Tokyo quickly warned of “severely constrained” supply through August as component makers juggle rival handhelds from Sony and Asus. Within an hour, eBay scalpers posted consoles for $800, while GameStop promised a “line-only” drop on Saturday (pack lawn chairs). Why hold the line on price? Analysts say Nintendo wants to skate under Microsoft’s and Sony’s $499 entry tags, betting families will add a second unit for kids. Investors cheered: shares closed up 3 % in Osaka, their best day since last year’s Zelda launch.
News By The Numbers
222,000 — Americans filing new job-loss claims last week, a modest uptick that still signals a sturdy labor market.
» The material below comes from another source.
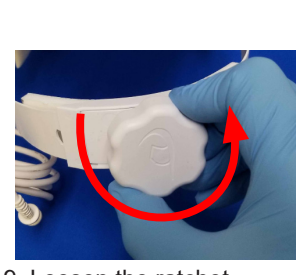
9. Loosen the ratchet adjustment knob counter-clockwise to ensure the Helmet will easily fit over the head.

Britain just told Big Tech to grow up. Regulator Ofcom unveiled 40 mandatory rules that will force every social network, gaming hub and search engine to verify ages, switch off “suggested” feeds by default, and quarantine violent, sexual or self-harm material from anyone under 18 by 25 July. Break the code and the fine is brutal: up to 10 % of global revenue—roughly $11 billion for Meta. In his House of Commons pitch, Tech Secretary Peter Kyle dangled a national 10 p.m. curfew for teens’ phones, calling doom-scroll fatigue a “public-health crisis.”
Platforms insist they’re on board—privately they’re furious about paying for age-scan tech that still miffs adult users. Safety advocates cheer the “watershed,” but remind lawmakers that VPN tutorials spread faster than homework memes: “Sixth-graders can out-hack any filter by lunch.”